Termination w.r.t. Q of the following Term Rewriting System could not be shown:

Q restricted rewrite system:
The TRS R consists of the following rules:

f4(0, 1, g2(x, y), z) -> f4(g2(x, y), g2(x, y), g2(x, y), h1(x))
g2(0, 1) -> 0
g2(0, 1) -> 1
h1(g2(x, y)) -> h1(x)

Q is empty.


QTRS
  ↳ DependencyPairsProof

Q restricted rewrite system:
The TRS R consists of the following rules:

f4(0, 1, g2(x, y), z) -> f4(g2(x, y), g2(x, y), g2(x, y), h1(x))
g2(0, 1) -> 0
g2(0, 1) -> 1
h1(g2(x, y)) -> h1(x)

Q is empty.

Q DP problem:
The TRS P consists of the following rules:

F4(0, 1, g2(x, y), z) -> H1(x)
H1(g2(x, y)) -> H1(x)
F4(0, 1, g2(x, y), z) -> F4(g2(x, y), g2(x, y), g2(x, y), h1(x))

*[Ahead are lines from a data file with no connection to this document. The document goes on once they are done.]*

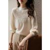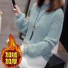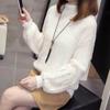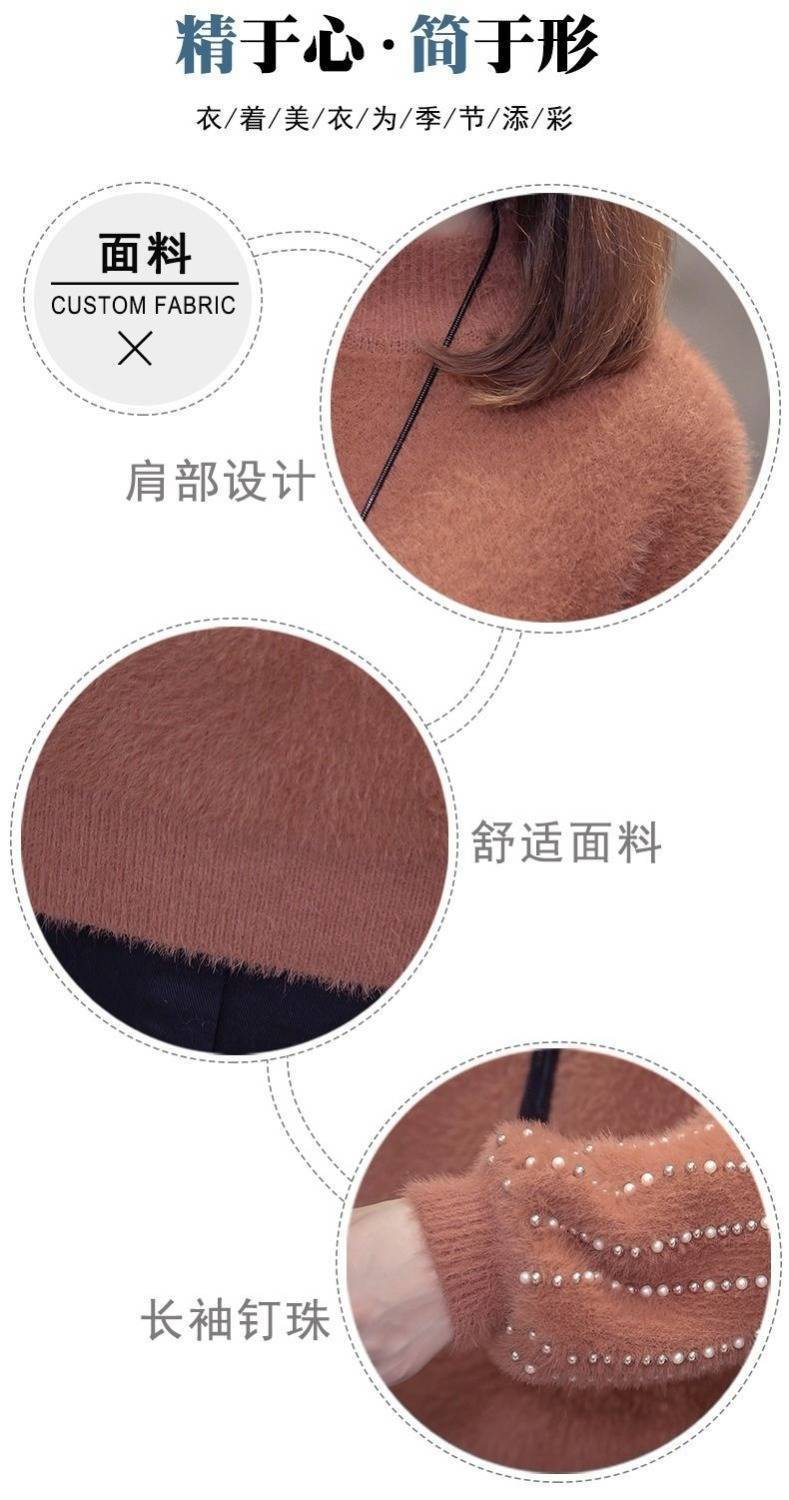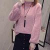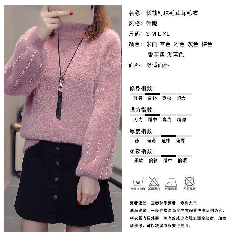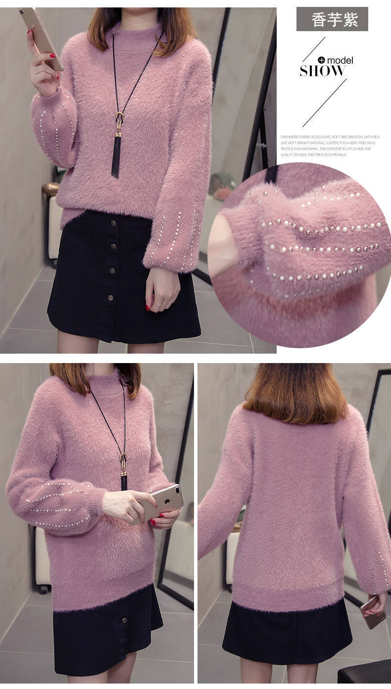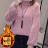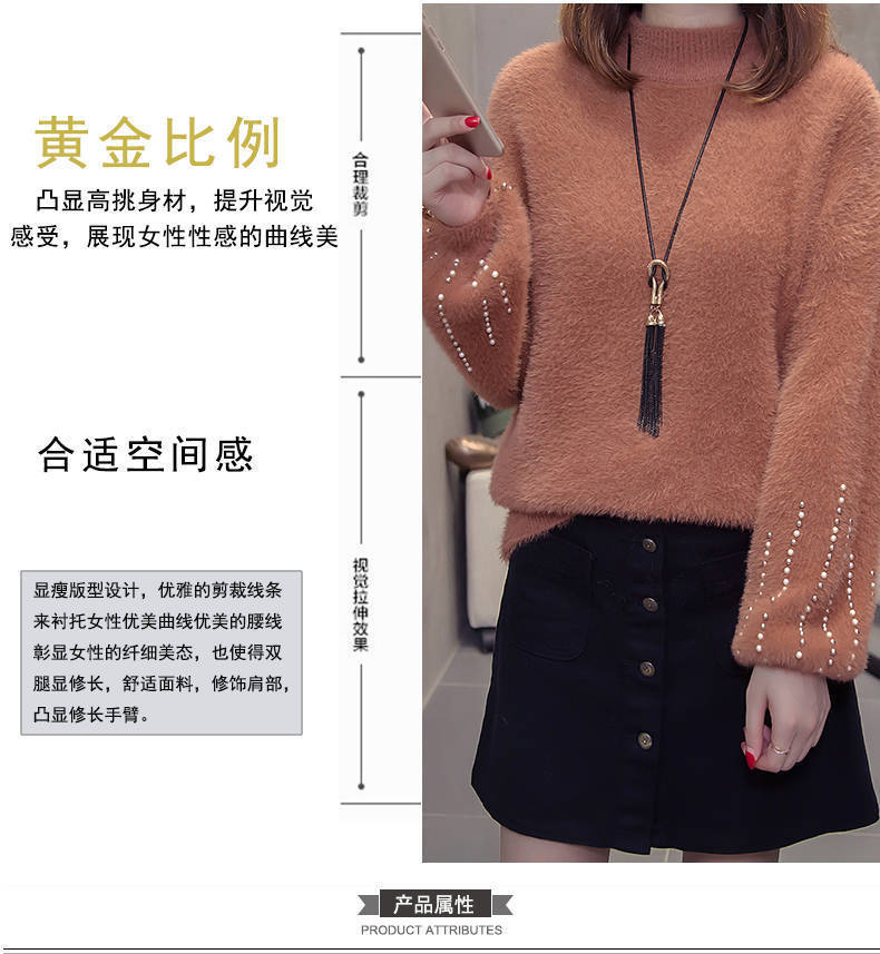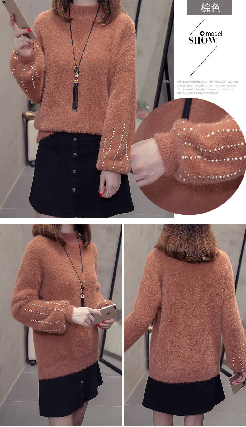 Suéter de Otoño e Invierno de Terciopelo de Visón Imitación Blanco para Mujer Estilo Coreano Holgado Manga Farol Color Base Camisa Suéter Grueso con Cuentas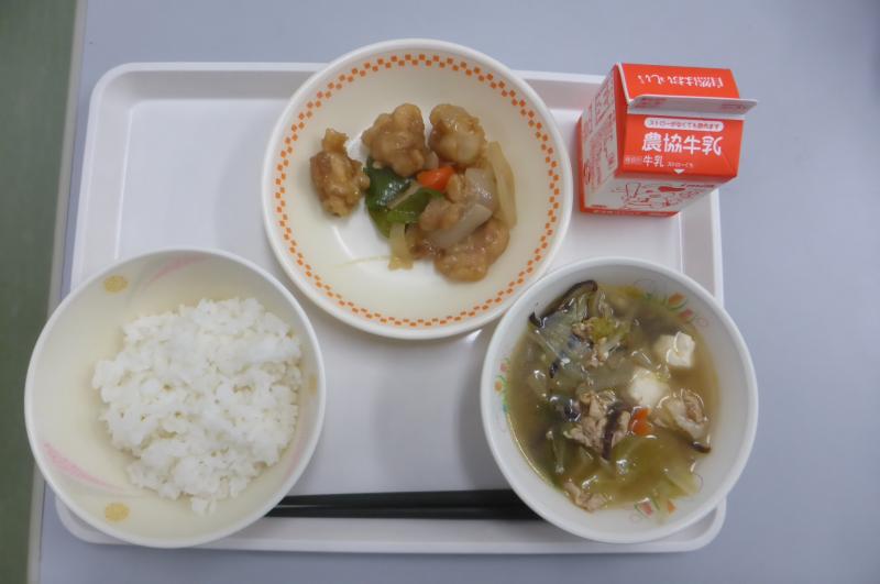 食べきれない児童もいて好き嫌いがあるようですが、地産地消の1品です。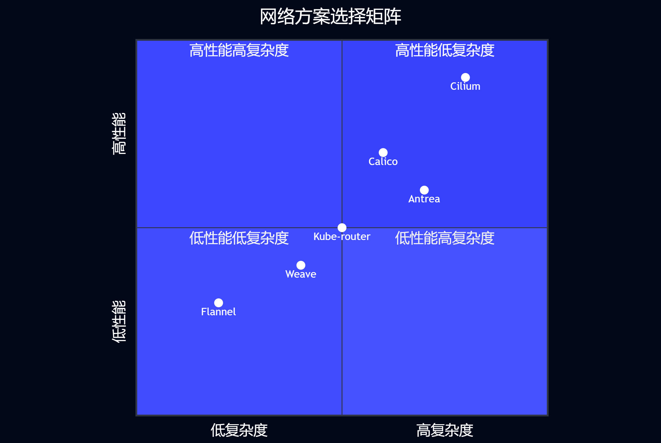 图5:网络方案选择象限图(Quadrant)- 帮助根据性能和复杂度需求选择合适的网络方案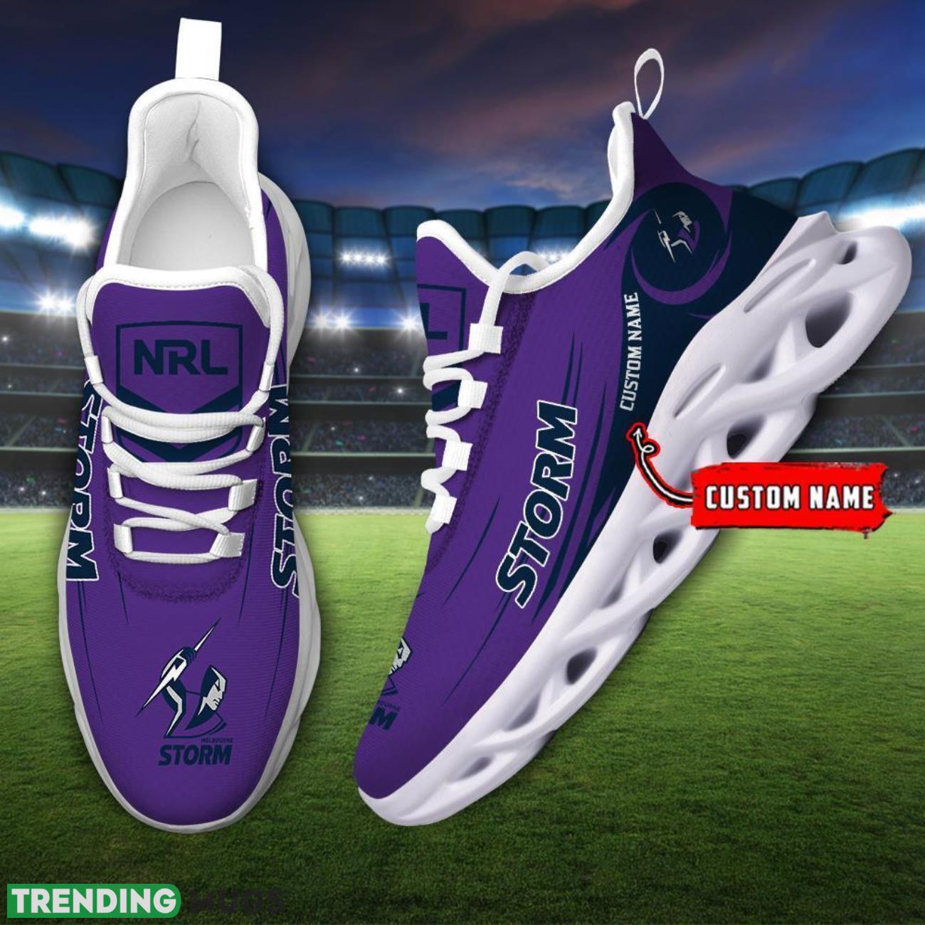 Step out in style and show your support for the Melbourne Storm NRL team with these Max Soul Shoes Sneakers. Perfect for fans who want to add a touch of team spirit to their everyday wardrobe, these custom name running shoes are a must-have for any die-hard supporter. Whether you’re hitting the gym, going for a run, or just running errands, these sneakers will keep you comfortable and on-trend. Don’t miss out on this sporty gift for yourself or your favorite Storm fan!
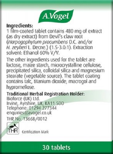 1 film-coated tablet contains 480 mg of extract (as dry extract) from Devil’s claw root (Harpagophytum procumbens D.C. and/or H. zeyheri L. Decne.) (1.5-3.0:1). Extraction solvent: Ethanol 60% V/V. The other ingredients used for the tablet are lactose, maize starch, microcrystalline cellulose, precipitated silica, colloidal silica and magnesium stearate (vegetable source). The tablet coating contains talc, titanium dioxide, macrogol and hypromellose.

The TRS R consists of the following rules:

f4(0, 1, g2(x, y), z) -> f4(g2(x, y), g2(x, y), g2(x, y), h1(x))
g2(0, 1) -> 0
g2(0, 1) -> 1
h1(g2(x, y)) -> h1(x)

Q is empty.
We have to consider all minimal (P,Q,R)-chains.

↳ QTRS
  ↳ DependencyPairsProof
QDP
      ↳ DependencyGraphProof

Q DP problem:
The TRS P consists of the following rules:

F4(0, 1, g2(x, y), z) -> H1(x)
H1(g2(x, y)) -> H1(x)
F4(0, 1, g2(x, y), z) -> F4(g2(x, y), g2(x, y), g2(x, y), h1(x))

The TRS R consists of the following rules:

f4(0, 1, g2(x, y), z) -> f4(g2(x, y), g2(x, y), g2(x, y), h1(x))
g2(0, 1) -> 0
g2(0, 1) -> 1
h1(g2(x, y)) -> h1(x)

Q is empty.
We have to consider all minimal (P,Q,R)-chains.
The approximation of the Dependency Graph contains 2 SCCs with 1 less node.

↳ QTRS
  ↳ DependencyPairsProof
    ↳ QDP
      ↳ DependencyGraphProof
        ↳ AND
QDP
            ↳ QDPAfsSolverProof
          ↳ QDP

Q DP problem:
The TRS P consists of the following rules:

H1(g2(x, y)) -> H1(x)

The TRS R consists of the following rules:

f4(0, 1, g2(x, y), z) -> f4(g2(x, y), g2(x, y), g2(x, y), h1(x))
g2(0, 1) -> 0
g2(0, 1) -> 1
h1(g2(x, y)) -> h1(x)

Q is empty.
We have to consider all minimal (P,Q,R)-chains.
By using an argument filtering and a montonic ordering, at least one Dependency Pair of this SCC can be strictly oriented.

H1(g2(x, y)) -> H1(x)
Used argument filtering: H1(x1)  =  x1
g2(x1, x2)  =  g1(x1)
Used ordering: Quasi Precedence: trivial


↳ QTRS
  ↳ DependencyPairsProof
    ↳ QDP
      ↳ DependencyGraphProof
        ↳ AND
          ↳ QDP
            ↳ QDPAfsSolverProof
QDP
                ↳ PisEmptyProof
          ↳ QDP

Q DP problem:
P is empty.
The TRS R consists of the following rules:

f4(0, 1, g2(x, y), z) -> f4(g2(x, y), g2(x, y), g2(x, y), h1(x))
g2(0, 1) -> 0
g2(0, 1) -> 1
h1(g2(x, y)) -> h1(x)

Q is empty.
We have to consider all minimal (P,Q,R)-chains.
The TRS P is empty. Hence, there is no (P,Q,R) chain.

↳ QTRS
  ↳ DependencyPairsProof
    ↳ QDP
      ↳ DependencyGraphProof
        ↳ AND
          ↳ QDP
QDP

Q DP problem:
The TRS P consists of the following rules:

F4(0, 1, g2(x, y), z) -> F4(g2(x, y), g2(x, y), g2(x, y), h1(x))

The TRS R consists of the following rules:

f4(0, 1, g2(x, y), z) -> f4(g2(x, y), g2(x, y), g2(x, y), h1(x))
g2(0, 1) -> 0
g2(0, 1) -> 1
h1(g2(x, y)) -> h1(x)

Q is empty.
We have to consider all minimal (P,Q,R)-chains.